Infinitesimals - finding the E field

[Identity]

The problem is to find the E field a distance z above the centre of a square sheet of charge of side length a and charge density \sigma.

The solutions use the result for a square loop and integrate to get the result for the square sheet, however it's the change \lambda \to \sigma \frac{da}{2}

In the diagram on the right, since we have a+da, widths of \frac{da}{2} make sense. But what if we instead chose to do a+2da, so that we would have widths of da? That would increase the integrand by a factor of 2.

Also, I still can't get my head around how the 1-dimensional charge density \lambda could be converted into a 2-dimensional surface charge density \sigma. Could someone please explain the reasoning behind it?


Thanks

 

[Doc Al]

Also, I still can't get my head around how the 1-dimensional charge density \lambda could be converted into a 2-dimensional surface charge density \sigma. Could someone please explain the reasoning behind it?
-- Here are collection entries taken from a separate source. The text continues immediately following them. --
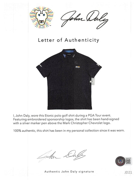 This Autographed Match Worn Blue Folds Of Honor Mark Christopher Chevy Etonic Polo Shirt has been Personally Signed by John Daly. This item is 100% Authentic to include a hologram by Beckett Authentication Services. This item will come with an affixed Beckett Authentication Services (BAS) authentication sticker, which includes a scannable QR code to verify authenticity. Please note that Beckett no longer provides serial-numbered COA cards, and the attached BAS sticker will serve as the complete authentication for this item. The authenticity can be verified on Beckett Authentication Services website. This is a XXX-Large sized Shirt. This match worn Etonic Polo shirt has been worn by John Daly, and comes with a letter of Authenticity from John Daly certifying this is match worn & provenance of the item coming from his personal collection.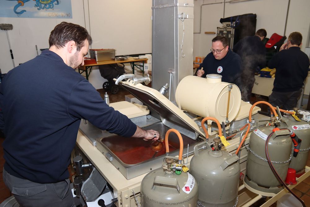 Kreis Warendorf. Damit in einem großen Einsatz mit zahlreichen Einsatzkräften, wie beim Hochwasser in mehreren Orten im Kreis Warendorf, alles läuft, muss an vielen Stellen auch im Hintergrund gearbeitet werden. Wer beispielsweise viele Stunden in der Kälte mit großem körperlichem Einsatz gegen die Fluten kämpft, braucht früher oder später auf jeden Fall auch Verpflegung. Ein heißer Kaffee und eine warme Suppe, um die Kraftreserven aufzufüllen, wirken da oft Wunder. Doch wie genau kommt man eigentlich so schnell an warme Mahlzeiten für teils hunderte Einsatzkräfte? Die Katastrophenschutzeinheiten des Deutschen Roten Kreuzes sind da die Lösung. Sie waren es auch, die über und rund um die Weihnachtstage beim Hochwasser im Kreis Warendorf im Einsatz waren, um die Einsatzkräfte von Feuerwehr und THW zu versorgen.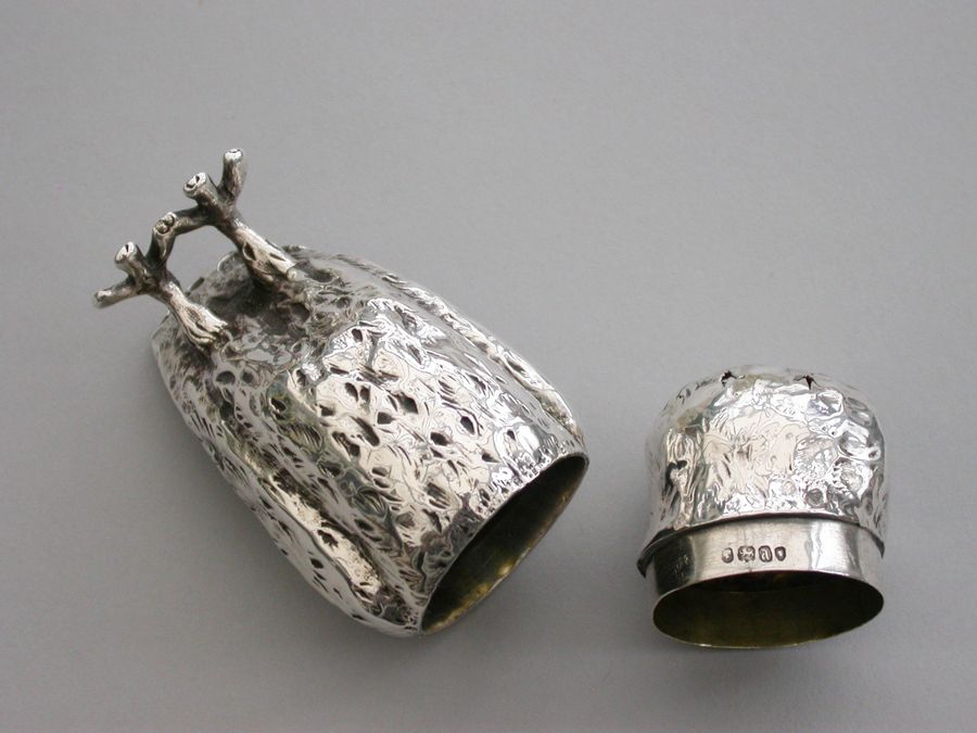 A good Victorian novelty silver Pepper, made in the form of a standing owl with amber glass eyes, pull-off pierced head and silver gilt interior.

You can view the charge of a strip in terms of a line charge (λ*length) or a surface charge (σ*area). Either way, the charge is the same:

λa = σa da/2 → λ = σ da/2

(ignoring higher powers of infinitesimals)

 

[Identity]

Oh thanks, so multiplying "σa" by the infinitesimal "da/2" makes it look like approximately like a line distribution, i get that

But the da/2 still seems too arbitrary... operations on infinitesimals is tricky

What if we started out by assigning the widths "da" to the left and right sides. Then the bottom would simply be "a+2da", wouldn't it?
I mean, it changes the whole answer by a factor of 2, but it still seems pretty reasonable to me.

 

[Doc Al]

What if we started out by assigning the widths "da" to the left and right sides. Then the bottom would simply be "a+2da", wouldn't it?
I mean, it changes the whole answer by a factor of 2, but it still seems pretty reasonable to me.

But that would mean that your variable of integration is no longer the length of the side, but twice the length of the side. You'd have to divide by 2, which brings you back to where you started.